Madre cogió al bebé y se lanzó a recorrer todas las calles, arriba y abajo, repitiendo sus amenazas de usarlo de alimento para las tortugas, los perros y los cuervos. Cuando llegó a la orilla del río, se dio la vuelta y volvió corriendo a la calle, y después se dio la vuelta otra vez y volvió corriendo al río. Poco a poco, el ritmo de sus pasos se fue haciendo más lento y el tono de su voz más suave, como un tractor al que se le está acabando el combustible. Finalmente, se dejó caer en el mismo lugar donde había muerto el Pastor Malory, miró hacia arriba, a la ruinosa torre del campanario, y murmuró:

—Algunos han muerto y otros han huido, dejándome sola. ¿Cómo voy a sobrevivir y darles de comer a tantos pollitos hambrientos? Dios Amado, Señor del Cielo, ¿por qué no me dices algo? ¿Cómo voy a sobrevivir?

Yo empecé a llorar, derramando mis lágrimas sobre el cuello de Madre. Después, la bebita empezó a llorar, y sus lágrimas se le metieron hasta dentro de las orejas.

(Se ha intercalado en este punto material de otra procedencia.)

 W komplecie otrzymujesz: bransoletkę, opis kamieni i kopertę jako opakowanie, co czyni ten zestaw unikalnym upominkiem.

—Jintong —dijo Madre tiernamente—, mi orgullo y mi alegría, por favor, no llores. —Después dedicó su ternura a la bebita—: Y tú, pobre niña, tú no deberías haber venido. La abuela no tiene suficiente leche ni siquiera para tu pequeño tío. Si tratara de darte de comer a ti también, los dos os moriríais de hambre. No es que no tenga corazón, es que no puedo hacer nada…

Madre acostó a la bebita, que seguía envuelta en el abrigo de marta violeta, en las escaleras que había frente a la puerta de la iglesia, y después se dio media vuelta y empezó a correr hacia casa como si su vida estuviera en juego, pero no había dado más de diez pasos cuando sus piernas dejaron de moverse. La bebita estaba chillando como un cerdo en el matadero, y esos gritos eran una cuerda invisible que había hecho que Madre se detuviera.

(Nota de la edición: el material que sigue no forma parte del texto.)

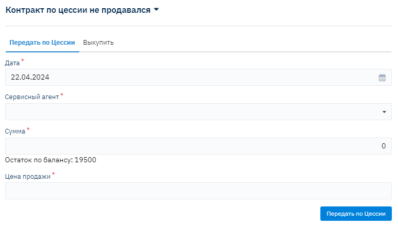 В открывшемся окне проставить необходимые данные и нажать на кнопку "Передать по Цессии". У Контракта появится признак "Продан" и информация по смене статуса.

Tres días más tarde, siendo ya una familia de nueve miembros, estábamos en el mercado de la capital del condado, en la sección de comercio con seres humanos. Madre me llevaba en la espalda, y el pequeño bastardo de Sha Yueliang iba en sus brazos. Cuarta Hermana llevaba al pequeño mocoso de Sima. De Octava Hermana se encargaba Quinta Hermana, y Sexta Hermana y Séptima Hermana iban caminando solas.

Tras rebuscar un rato en el basurero de la ciudad, encontramos unas verduras podridas para comer, y después, armados de valor, nos dirigimos a la sección de comercio con seres humanos, donde Madre les colgó unas etiquetas de paja a mis hermanas quinta, sexta y séptima del cuello, y después esperó a que llegara un comprador.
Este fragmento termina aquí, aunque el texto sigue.